渡辺貞夫カルテット
提供:新宿ピットイン/ピットインミュージック

2025年末に開催された〈新宿PIT INN 60周年記念コンサート〉。石若駿率いるAnswer to Rememberら新世代から日野皓正、山下洋輔、渡辺貞夫といったレジェンドまでが出演、チケットは完売し、日本のジャズ史を包括するようなイベントになった。そんな2日間の模様をライター/音楽批評家の細田成嗣が伝える。 *Mikiki編集部


 

日本ジャズ史の厚みと現在地を示した祭典

新宿が若者の街と言われたのは遡ること60年ほど前のことだ。すなわち1960年代、聞くところによればジャズ喫茶ひしめく新宿には左翼学生から詩人や芸術家の卵、駆け出しのミュージシャン、演劇青年、はては素性の知れないフーテンまで、エネルギーを持て余した若者たちが集まり独自のアングラカルチャーを形成していた。ジャズそのものもまた動き出していた。銀座から新宿へと〈現場〉が移り変わりつつあった。その動きを推し進めた主要な拠点となったのが他でもなく新宿ピットインだった。
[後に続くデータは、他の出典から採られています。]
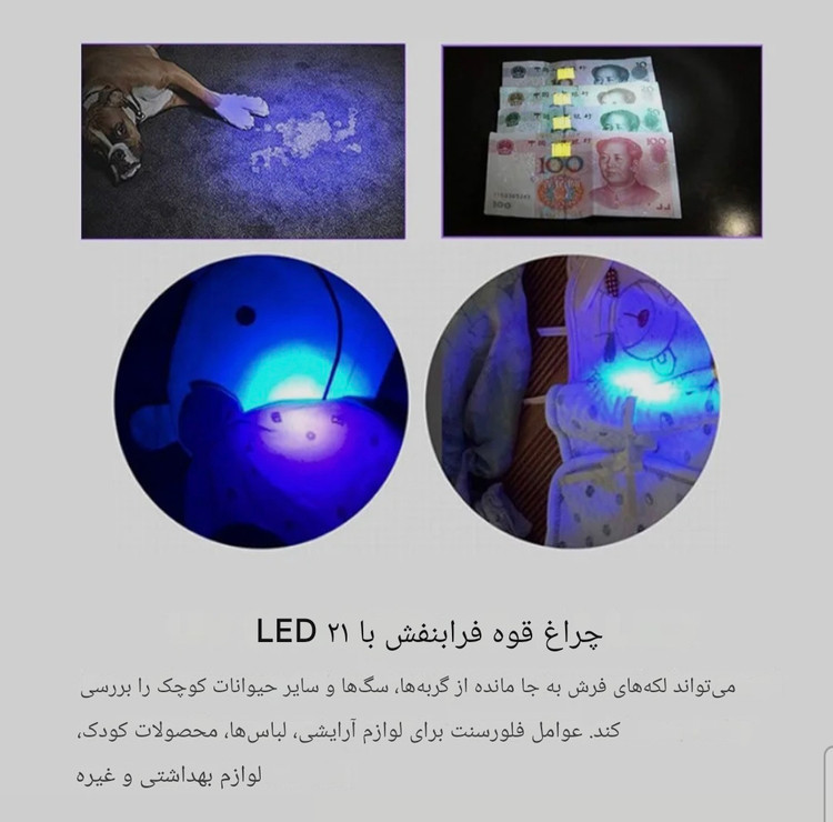 این چراغ قوه علاوه بر شناسایی عقرب، برای کاربردهای دیگری هم مفید است؛ مثل پیدا کردن لکههای نامرئی، بررسی اسکناس، شناسایی برخی حشرات، یا استفادههای عمومی در کمپ و طبیعت.
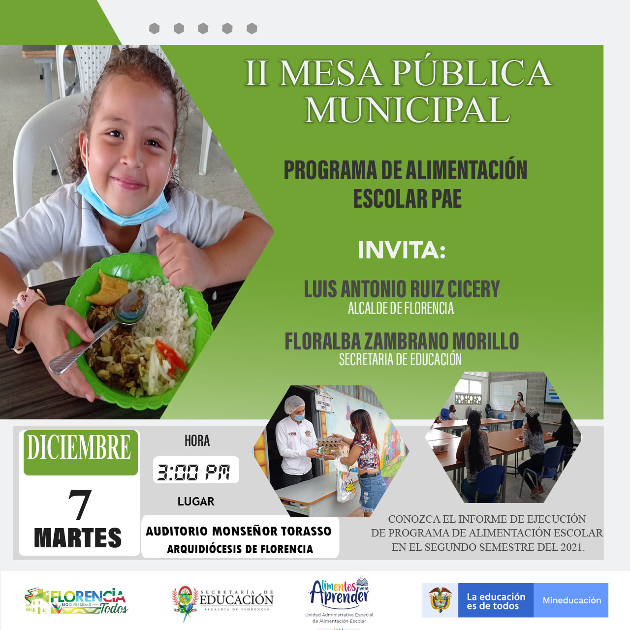 La Mesa Pública fue precedida por el Alcalde de Florencia Luis Antonio Ruiz Cicery, la Secretaria de Educación Floralba Zambrano Morillo y su equipo de trabajo de Cobertura Educativa; contó con la asistencia de delegados de las comunidades educativas del municipio, los Entes de control y público en general.  Como aspectos a resaltar de la Mesa está el reconocimiento a la calidad del servicio y a los alimentos entregados en el Programa y el seguimiento a la ejecución del mismo. De otra parte, se aclararon inquietudes y se recibieron sugerencias a tener en cuenta para la ejecución del Programa en el 2022.

新宿ピットインがオープンしたのは1965年12月24日。バークリー留学を終えた渡辺貞夫が帰国した翌月のことである。創業者の佐藤良武は当時20歳の大学生だった。渡辺貞夫もまだ30代前半。まさに若者文化としてジャズは新宿を拠点に成長していったのだ。以来長きにわたってピットインは移転を挟みつつも新宿でライブハウスの営業を続けてきた。半世紀以上続くジャズのライブハウスは世界的に見ても稀有な場所の一つと言っていいだろう。そのようなピットインの60周年を記念したコンサートが、2025年12月27日と28日の2日間にわたって新宿文化センター・大ホールで開催された。

計12組、総勢80名以上が出演した同コンサートは、前売りチケットが完売、年の瀬にもかかわらず両日ともに約1,600席の会場が大勢の観客で埋め尽くされた――キャパ100席ほどのピットインの実に16倍(!)。ピットインといえば数々の伝説的なエピソードを生んできた日本ジャズの聖地であり、同時に今もなお新進気鋭のミュージシャンを輩出し続けている現在進行形のジャズ揺籃の地でもある。そのような〈現場〉であればこそ可能だったのだろう、このたびの60周年記念コンサートは、日本ジャズの歴史の層の厚みを感じさせるとともに現在地を指し示す、それ自体が歴史に残る祭典となった。本稿では同コンサートから、特に印象に残った場面について抜粋しメモランダムに記していく。

 

ミュージシャンの〈実家〉、その100周年に向けて

初日、2日目ともにコンサートの冒頭では、新宿ピットイン創業者であり現会長の佐藤良武が登壇して挨拶を行った。良武はピットインに関わりの深いミュージシャンとして渡辺貞夫、日野皓正、山下洋輔の3人の名前を挙げ、なかでも2025年をもって活動を休止する山下洋輔との思い出を振り返りつつ、彼が「ピットインは実家である」と語ったことに言及。ピットインが実家であればスタッフや観客は〈家族〉であると続け、「いろんなミュージシャンから実家と言われるようにこれからもやっていきたい」と、100周年を目標として掲げた。

そして新たに社長に就任した息子の佐藤良雅を紹介。ピットインゆかりのミュージシャンや大勢の観客を前にして、親から子へ、創業者から新社長へとバトンを受け渡す〈儀式〉にも映ったその場で、良雅は早速新たな試みとして2026年4月から34年ぶりに〈朝の部〉を再開することを発表した。現在は〈昼の部〉と〈夜の部〉のみ行われているが、〈朝の部〉は実験的な音楽や若手ミュージシャンの表現の場として運営していく予定だという。最後に良雅は「あとは素晴らしいミュージシャンたちにこのステージを預けたい」と締め括った。それはピットイン開店以来創業者の良武が抱き続けてきた〈場は用意するが表現内容はミュージシャンに委ねる〉という方針を受け継ぐ象徴的な言葉にも聞こえた。